Etymology: Author Origin

INTRODUCTION

The BCT is described as the first and largest branch of the aortic arch, measuring about four to five centimetres in length. After its origin, it ascends to the right of the trachea until, at the level of the right sternocostal joint it forks into two important vessels: the RCCA and the RSA (1).
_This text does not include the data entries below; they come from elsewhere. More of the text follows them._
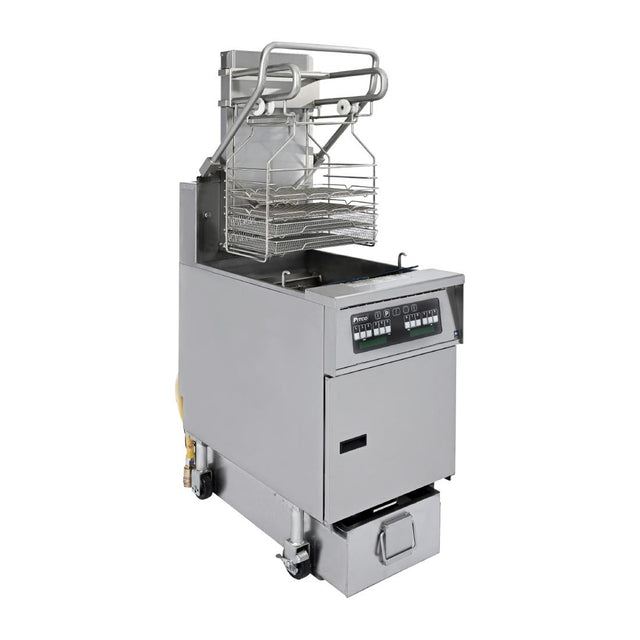 The Pitco Solstice natural gas rack fryer with SoloFilter SF-SG6H is a heavy duty powerhouse designed for high volume frying in busy kitchens. Capable of cooking up to 48 pieces of bone-in chicken or 60 chicken strips per hour, this fryer delivers consistent, high-quality results to keep up with every demanding service. Its innovative EZ-Lift rack system simplifies lifting food from the oil, reducing strain and improving efficiency during peak hours.
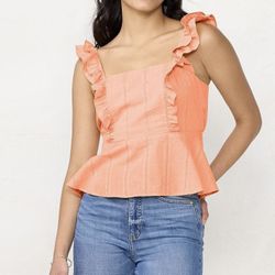 Women's LC Lauren Conrad Ruffle Peplum Tank in Peach Mum - S NWT$15E Atlantc Bch, NY
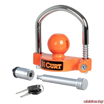 Make your tow vehicle and trailer more secure by keeping them locked up tight with this CURT hitch and coupler lock set. The CURT universal trailer coupler lock offers full compatibility with trailers equipped with 1-7/8", 2" or 2-5/16" couplers. Its ratchet-style mechanism allows for easy, effortless trailer coupler security. Just insert the lock base into the coupler and slide the U-bar over the coupler's nose, engaging the lock. Unlocking is a breeze ??? a simple quarter turn of the key frees the lock. The ratcheting U-lock combats theft and ensures extended security by immobilizing the lock base within the coupler, thwarting any attempt at removal. Its bright orange powder coat finish deters thieves and enhances visibility, allowing you easily spot tampering or interference from a distance. The U-lock, lock base and ratcheting mechanism are made to be corrosion-resistant, ensuring long-lasting durability and prolonged security. The thick and durable bright orange powder coat finish protects against sun, water and weather, effectively deterring theft, while maintaining visibility and safeguarding against dings and scratches. The included hitch lock in this lock set features a barbell design and comes with a 5/8" pin diameter to fit a 2" or 2-1/2" receiver tube size. CURT barbell hitch locks are comprised of a pin with two end caps and a round locking mechanism. They are key-operated and activate with a simple 1/4-turn. They also come with watertight dust caps to keep out the elements and prevent corrosion.CURT 23092 Hitch & Coupler Lock Set, Fits 2" or 2-1/2" Receivers, 1-7/8" to 2-5/16" Couplers

The BCT, the left subclavian artery and the left common carotid artery arise from the aortic arch (2); this type of branching was initially classified as a normal type A, standard by the anatomist Adachi B in 1928 (3),(4),(5). The type B consists of a common trunk for the left common carotid and the brachiocephalic artery and therefore has only two aortic arch branches, and type C has a vertebral artery originating proximal to the left subclavian artery as a fourth branch of the aortic arch (3),(4),(5). These branches usually originate from the aortic arch or from the upper part of the ascending aorta, but variations in this branching pattern may occur, either in their origin, topography, in the number or in the distances between them (1),(6),(7). In addition, RCCA and LSA may have an origin in the aortic arch of a common trunk; the left BCT (1),(2),(8),(9). This may be missing or doubled (2), as well as the left vertebral artery can arise from the aortic arch, between the left common carotid artery and the left subclavian artery or between the brachycephalic trunk and the left subclavian artery (8),(10). These anatomical variations can alter the cerebral blood flow, leading to neurological lesions or be associated in the genesis of cardiovascular events (11), which could lead to serious complications in clinical practice, in performing interventional surgical procedures (2), in tracheostomy, thyroid and parathyroid gland surgeries (5),(12),(13),(14).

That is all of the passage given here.